> [AIM OF THE EXERCISE]: Repeat exactly the line with "合理使用组合道具是制胜的关键" and each line after it to the end of the data below; pictures stay out.

> [SOURCE DATA]:

***

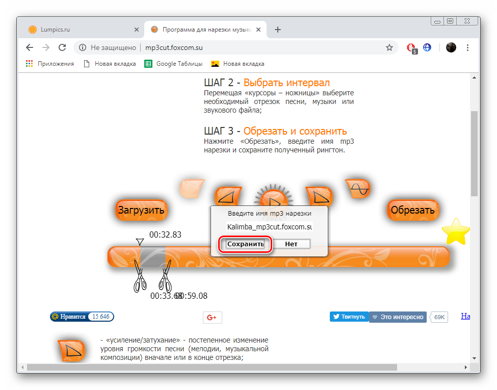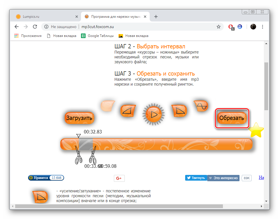 Подробнее: Вырезаем фрагмент из песни онлайн
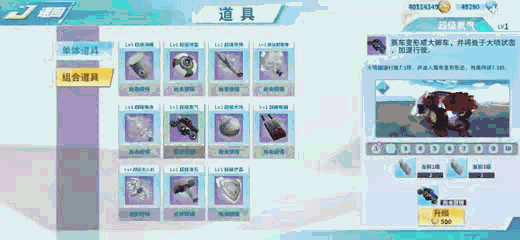合理使用组合道具是制胜的关键所在,另外需要注意的是,组合道具必须要先获得后组合道具才能在比赛中进行使用,如果没有获得是无法在道具赛中使用的呢!
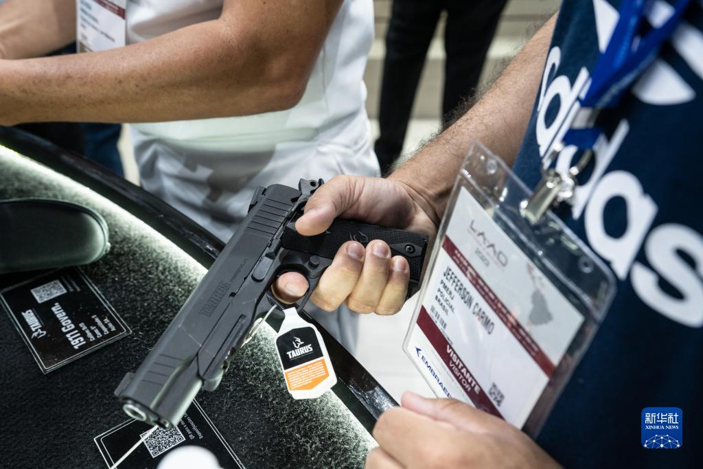 4月11日,在巴西里約熱內盧,參觀(guān)者在巴西防務(wù)展上體驗一款手槍。
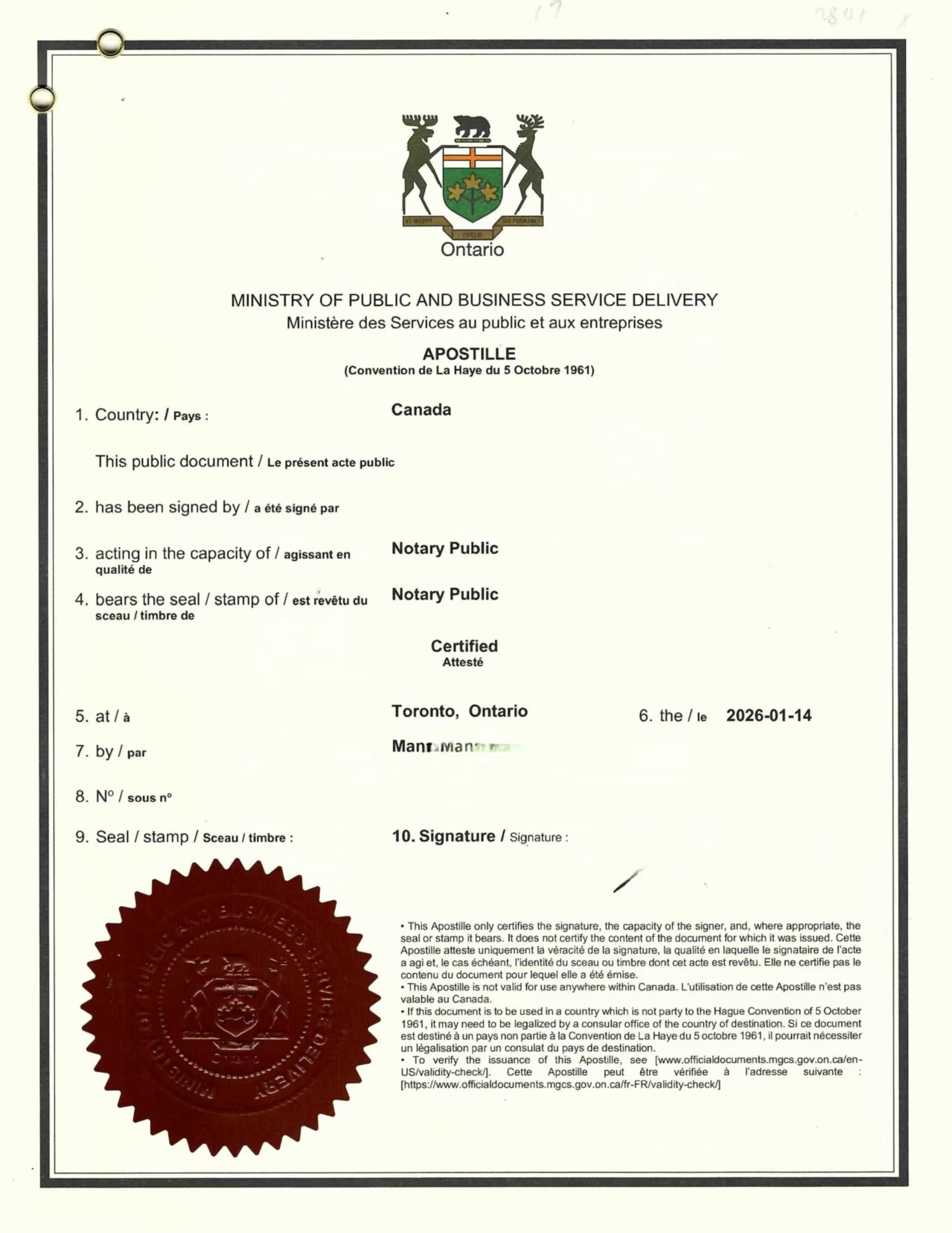 随后,由加拿大本地执业公证人出具复印件属实公证声明,明确说明所附文件系李女士加拿大护照资料页及其中的中国签证页复印件,并注明仅用于特定行政用途。完成公证后,文件即递交至省级主管部门办理海牙认证(Apostille),全程严格按照中国出入境管理局的实际审查标准把控内容与形式。

***

> [COMPLETED TASK]:
合理使用组合道具是制胜的关键所在,另外需要注意的是,组合道具必须要先获得后组合道具才能在比赛中进行使用,如果没有获得是无法在道具赛中使用的呢!
 4月11日,在巴西里約熱內盧,參觀(guān)者在巴西防務(wù)展上體驗一款手槍。
 随后,由加拿大本地执业公证人出具复印件属实公证声明,明确说明所附文件系李女士加拿大护照资料页及其中的中国签证页复印件,并注明仅用于特定行政用途。完成公证后,文件即递交至省级主管部门办理海牙认证(Apostille),全程严格按照中国出入境管理局的实际审查标准把控内容与形式。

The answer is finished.